◆ EXERCISE BRIEF ◆
Return only the lines from the start of the records through the line that contains "Stovky Plzeňanů si", inclusive; leave out all pictures.

◆ TASK INPUT ◆

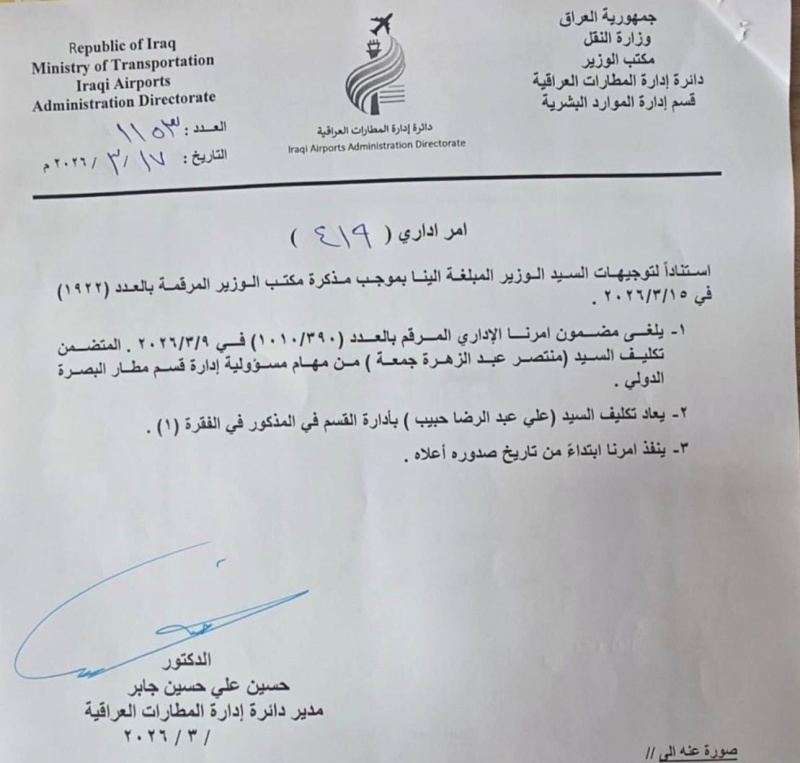 وبحسب الوثيقة، التي اطلعت عليها "بغداد اليوم"، فإن دائرة إدارة المطارات العراقية قررت، يوم الثلاثاء الموافق 17 آذار 2026، إعادة تكليف عبد الرضا بالمنصب، وذلك بعد فترة من إعفائه في وقت سابق.
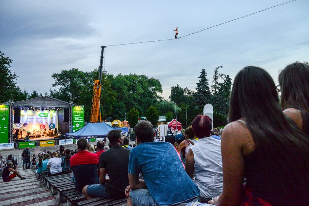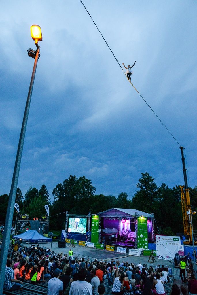 Stovky Plzeňanů si dnes nenechaly ujít show, při níž byla oficiálně zahájena desetidenní Letní Sportmanie Plzeň 2017, atraktivní sportovní akce pro celé rodiny. Lidem v areálu za OC Plzeň Plaza předvedli jedinečné výkony highliner Petr Voříšek a lighlinerka Anna Kuchařová. Prošli se po pásce napnuté ve výšce 25 metrů nad zemí. Přechod byl unikátní v tom, že lano držely dva jeřáby. Ze střechy OC Plzeň Plaza poté slanili plzeňský primátor Martin Zrzavecký, radní pro oblast podpory podnikání a sportu Petr Chvojka a hejtman Plzeňského kraje Josef Bernard. Diváci si užili i vystoupení na slackline v podání Michala Pírka a Lukáše Černého. Večer vyvrcholil koncertem skupiny Support Lesbiens.
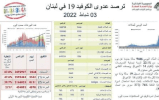 أعلنت وزارة الصحة العامة في تقريرها اليومي تسجيل "9446 إصابة ...
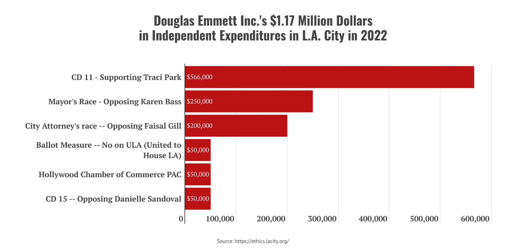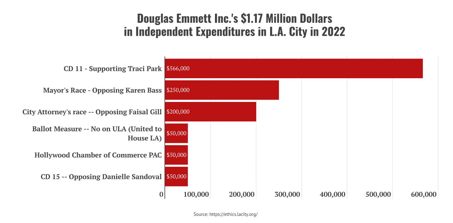 In fact, thanks to an important new piece from Capital and Main, you can read all about Douglas Emmett Inc.'s $1.17 MILLION dollars in political expenditures all over the city in 2022 alone. Hell, thanks to Capital and Main (with data provided by ethics.lacity.org), you can simply look at the chart screenshotted from the article.
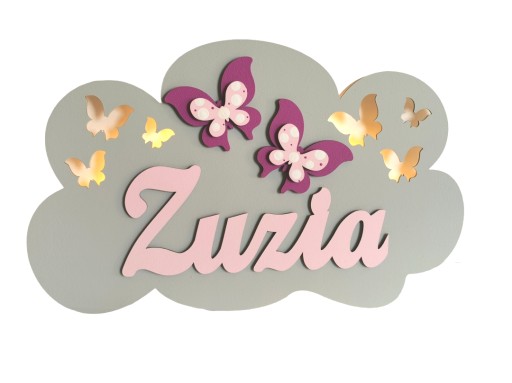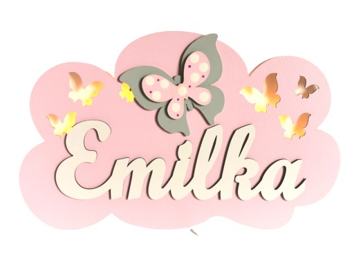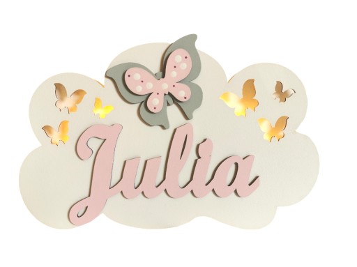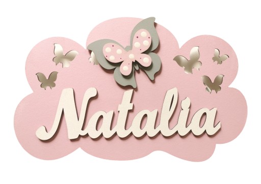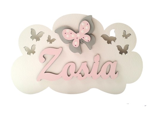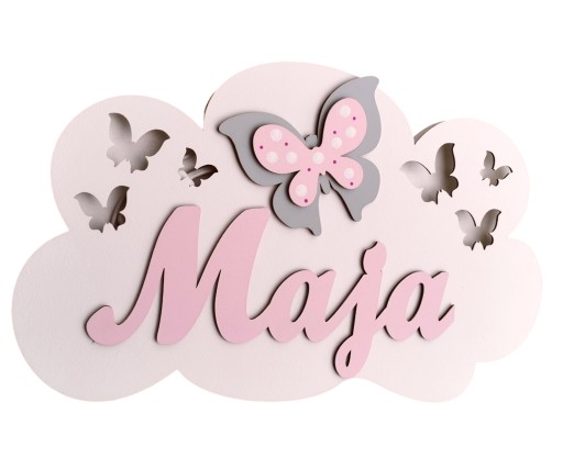 Світильник має вирізані ажурні елементи у вигляді зірок і метеликів. Крім того, на кожній хмаринці ми розміщуємо напис з ім'ям вашої дитини та один декор 10 см на вибір: метелик, сова, ведмедик.
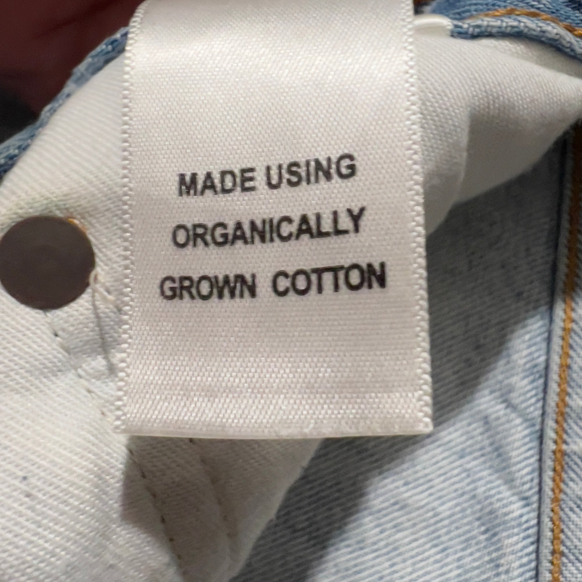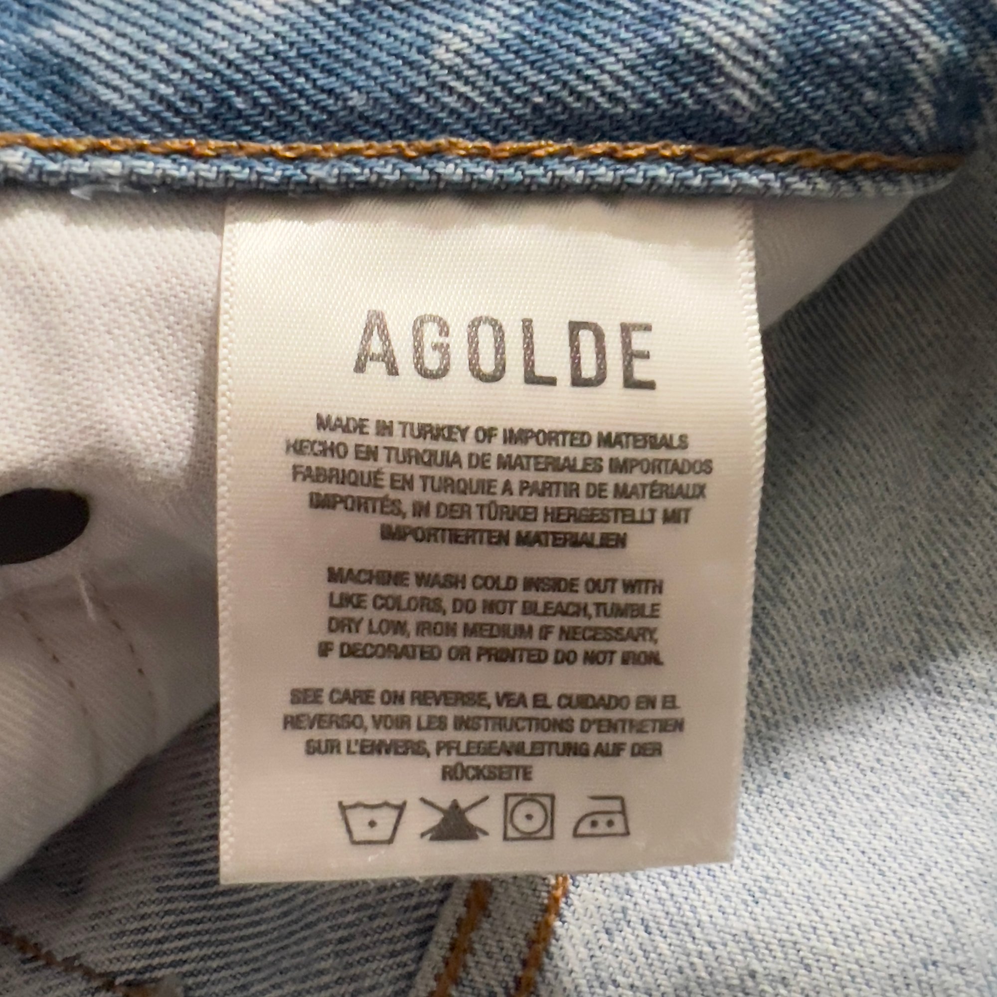 Agolde jean shorts , Riley is a high rise relaxed cut , 100 % organic cotton , The AGOLDE Women's Parker Long Cut Off Denim Shorts are made of 100% cotton and have a button closure. The shorts are high-waisted and have a relaxed fit. They feature a 5-pocket design and a fringe accent. The fabric wash is light medium and the shorts have a distressed look. The AGOLDE brand is known for its quality and durability. These shorts are in perfect condition.button fly ,

◆ SOLUTION TO THIS TASK ◆
 وبحسب الوثيقة، التي اطلعت عليها "بغداد اليوم"، فإن دائرة إدارة المطارات العراقية قررت، يوم الثلاثاء الموافق 17 آذار 2026، إعادة تكليف عبد الرضا بالمنصب، وذلك بعد فترة من إعفائه في وقت سابق.
 Stovky Plzeňanů si dnes nenechaly ujít show, při níž byla oficiálně zahájena desetidenní Letní Sportmanie Plzeň 2017, atraktivní sportovní akce pro celé rodiny. Lidem v areálu za OC Plzeň Plaza předvedli jedinečné výkony highliner Petr Voříšek a lighlinerka Anna Kuchařová. Prošli se po pásce napnuté ve výšce 25 metrů nad zemí. Přechod byl unikátní v tom, že lano držely dva jeřáby. Ze střechy OC Plzeň Plaza poté slanili plzeňský primátor Martin Zrzavecký, radní pro oblast podpory podnikání a sportu Petr Chvojka a hejtman Plzeňského kraje Josef Bernard. Diváci si užili i vystoupení na slackline v podání Michala Pírka a Lukáše Černého. Večer vyvrcholil koncertem skupiny Support Lesbiens.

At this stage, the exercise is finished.